* _THE TASK_:
Give the data back exactly. Leave out any images.
......
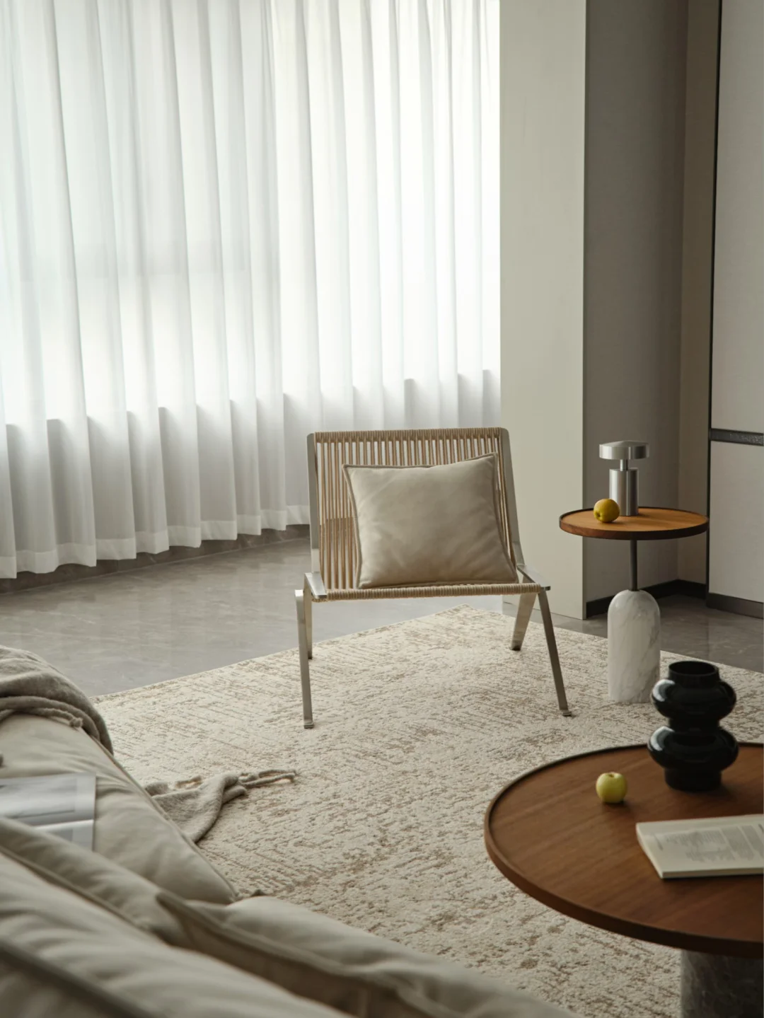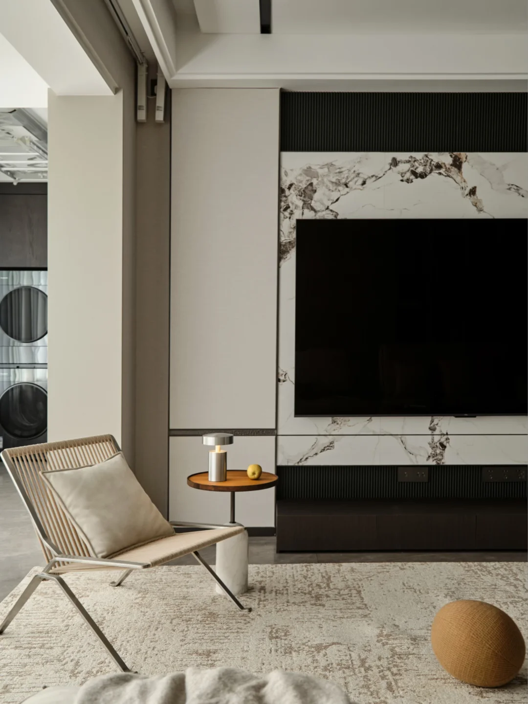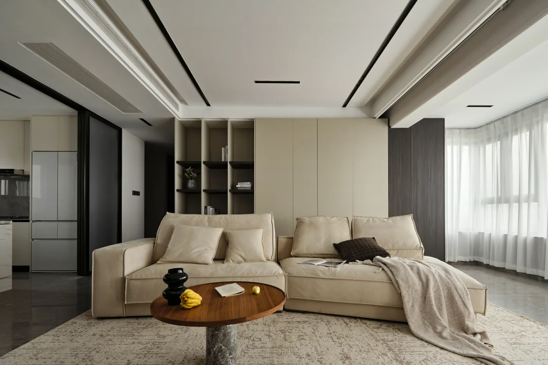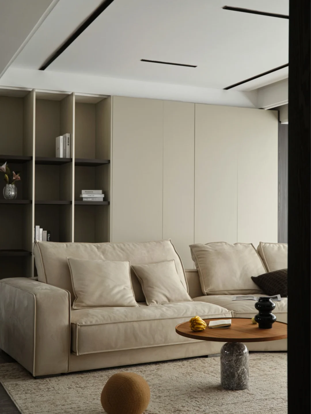 深业南湾精装改造客厅案例分享🔚 客厅改造拆除阳台移门,将空间纳入客厅,瞬间拉阔视野保留原有地砖,仅做收边过渡,让阳光无阻倾洒 拆除沙发背后进深不足的展示柜,换为“展示+封闭收纳”组合柜 色彩材质沿用原风格,整体和谐又美观 -
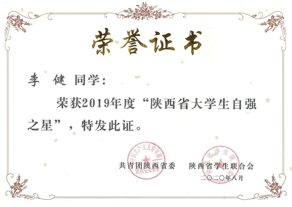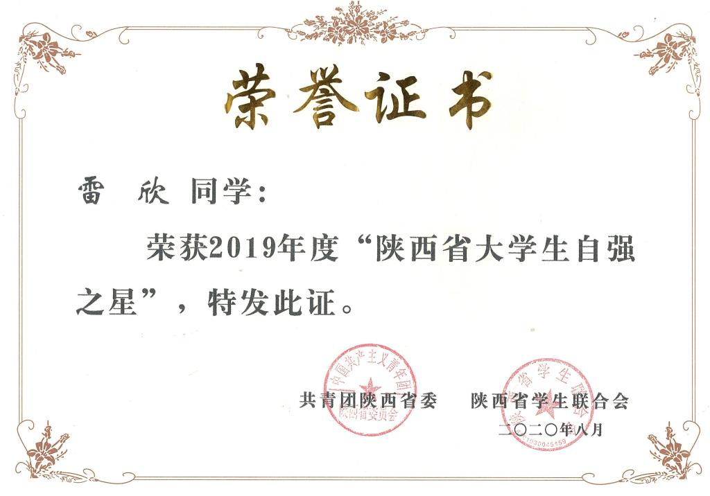 日前,2019年度“陕西省大学生自强之星”名单揭晓,开元官网体育学院雷欣、旅游与资源环境学院李健2名同学获“陕西省大学生自强之星”荣誉称号。
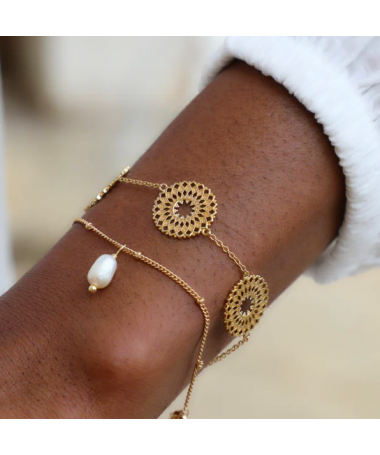 Bracelet composé d'une chaine forçat dorée avec un détail bille et d'une jolie perle d'eau douce blanche.
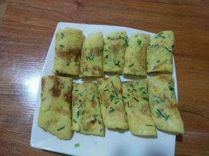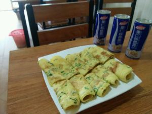 接着就可以开始卷鸡蛋了,卷成这样就差不多了
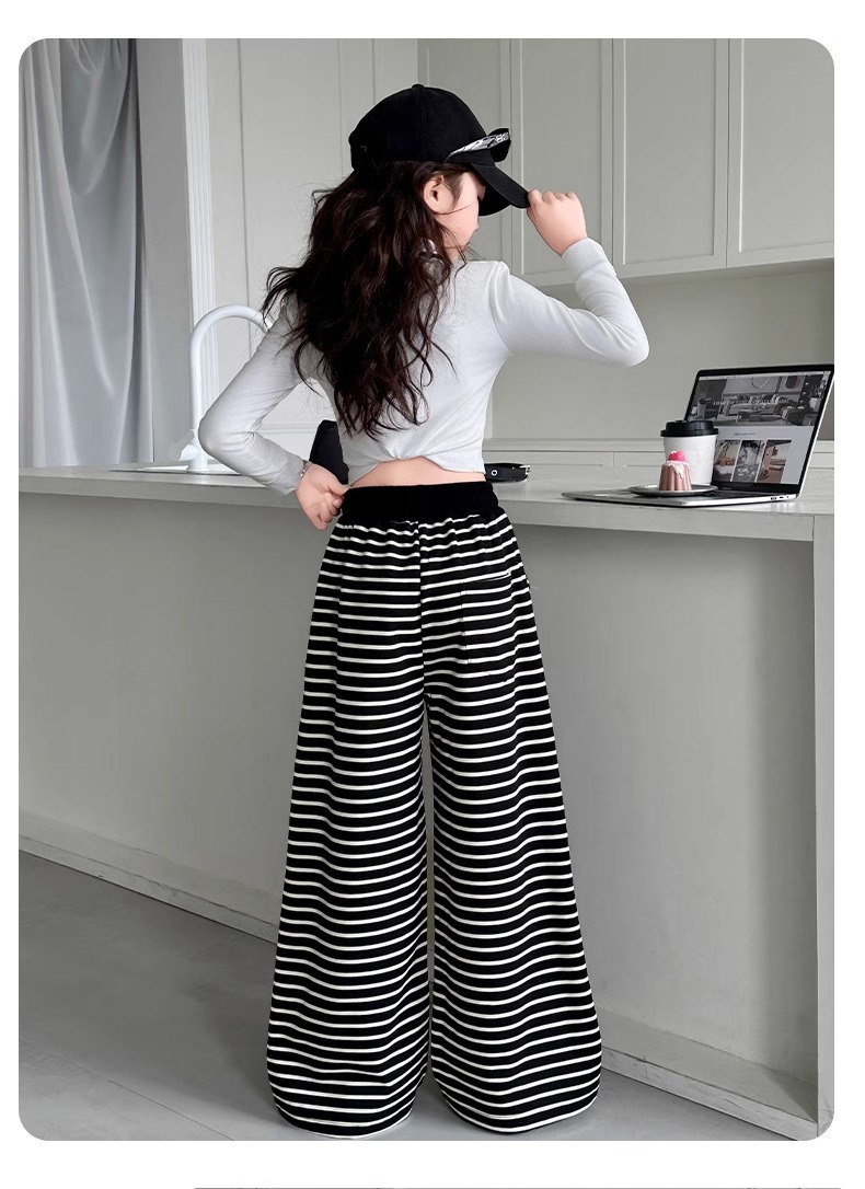 소녀 바지 봄과 여름 서양식 줄무늬 캐주얼 바지 올매치 아기 느슨한 외부 착용 한국 스타일 얇은 바지
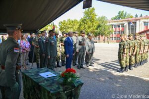 Потпредседник Владе и министар војни г. Милош Вучевић поздравио је присутне и пожелео срећу свима који су положили заклетву, подсетивши их на њихову велику улогу у заштити земље.
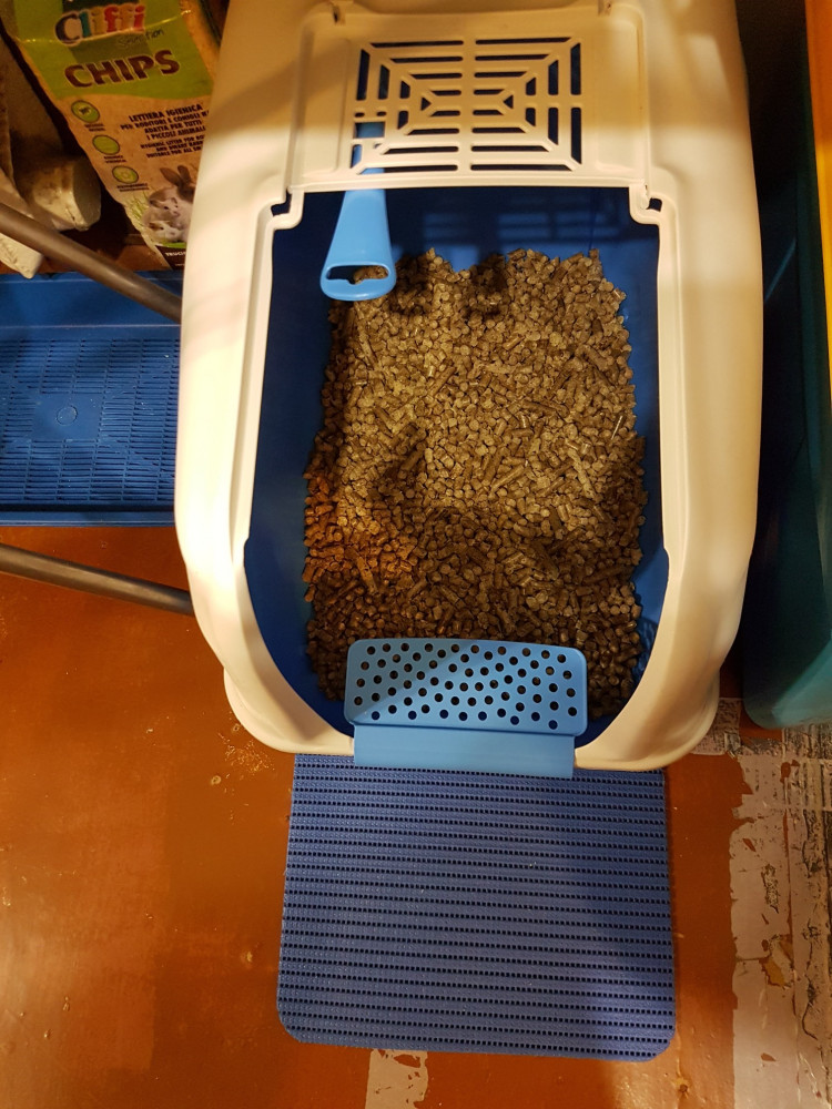 Правда, очень удобно! Сверху я кладу от Глейда гель небольшой, запах убирается и в горшке пахнет цветами. Сначала мы дверцу убрали. Сейчас прицепили. под горшок стелем коврик типо травка с дном, опилки с лап ссыпаются на дно коврика
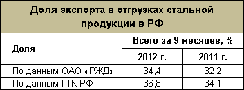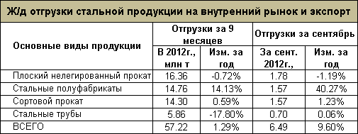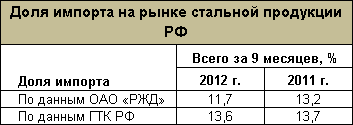 Отметим по обеим сводкам весьма позитивную тенденцию сентября 2012 г., когда выпуск стали в РФ вырос на 6% в годовом исчислении, а отгрузки стальной продукции – на 9,6%. Причем сентябрь переломил негативную тенденцию первой половины года и при отгрузках металла (включая импорт) российским потребителям (табл. 3).
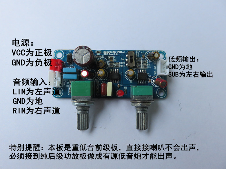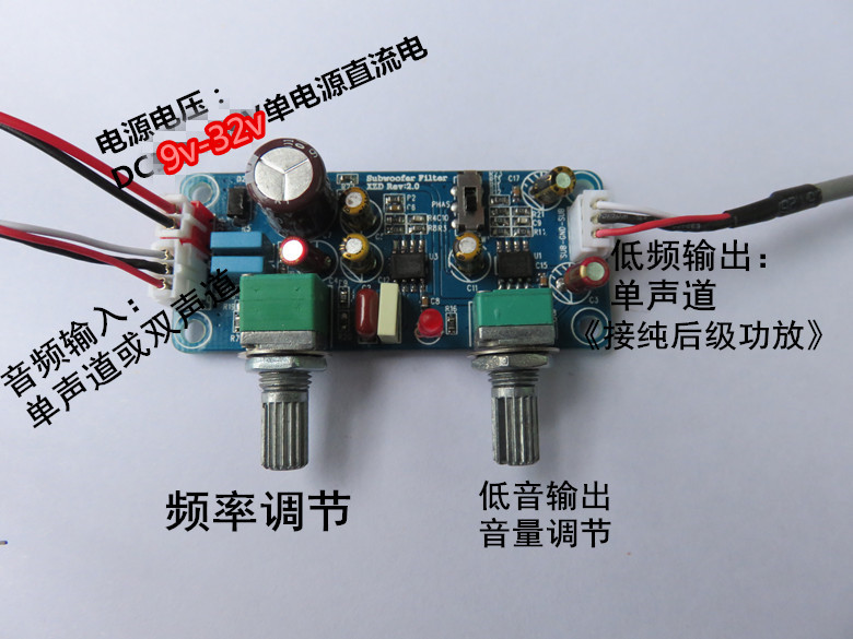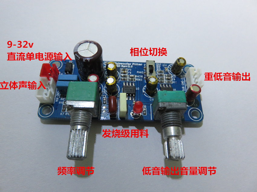 直流单电源9v-32v 低通滤波板 低音炮前级板 带放大和相位调整
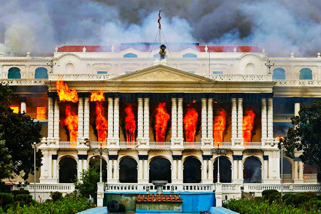 Soon Kathmandu was burning – Singha Durbar, i.e. Nepal’s administrative headquarters; the health ministry; the parliament building; the Supreme Court; the presidential palace; the prime minister’s residence, offices of the governing communist party, and the Kathmandu Hilton, were all set ablaze.
......
* _PROBLEM SOLUTION_:
 深业南湾精装改造客厅案例分享🔚 客厅改造拆除阳台移门,将空间纳入客厅,瞬间拉阔视野保留原有地砖,仅做收边过渡,让阳光无阻倾洒 拆除沙发背后进深不足的展示柜,换为“展示+封闭收纳”组合柜 色彩材质沿用原风格,整体和谐又美观 -
 日前,2019年度“陕西省大学生自强之星”名单揭晓,开元官网体育学院雷欣、旅游与资源环境学院李健2名同学获“陕西省大学生自强之星”荣誉称号。
 Bracelet composé d'une chaine forçat dorée avec un détail bille et d'une jolie perle d'eau douce blanche.
 接着就可以开始卷鸡蛋了,卷成这样就差不多了
 소녀 바지 봄과 여름 서양식 줄무늬 캐주얼 바지 올매치 아기 느슨한 외부 착용 한국 스타일 얇은 바지
 Потпредседник Владе и министар војни г. Милош Вучевић поздравио је присутне и пожелео срећу свима који су положили заклетву, подсетивши их на њихову велику улогу у заштити земље.
 Правда, очень удобно! Сверху я кладу от Глейда гель небольшой, запах убирается и в горшке пахнет цветами. Сначала мы дверцу убрали. Сейчас прицепили. под горшок стелем коврик типо травка с дном, опилки с лап ссыпаются на дно коврика
 Отметим по обеим сводкам весьма позитивную тенденцию сентября 2012 г., когда выпуск стали в РФ вырос на 6% в годовом исчислении, а отгрузки стальной продукции – на 9,6%. Причем сентябрь переломил негативную тенденцию первой половины года и при отгрузках металла (включая импорт) российским потребителям (табл. 3).
 直流单电源9v-32v 低通滤波板 低音炮前级板 带放大和相位调整
 Soon Kathmandu was burning – Singha Durbar, i.e. Nepal’s administrative headquarters; the health ministry; the parliament building; the Supreme Court; the presidential palace; the prime minister’s residence, offices of the governing communist party, and the Kathmandu Hilton, were all set ablaze.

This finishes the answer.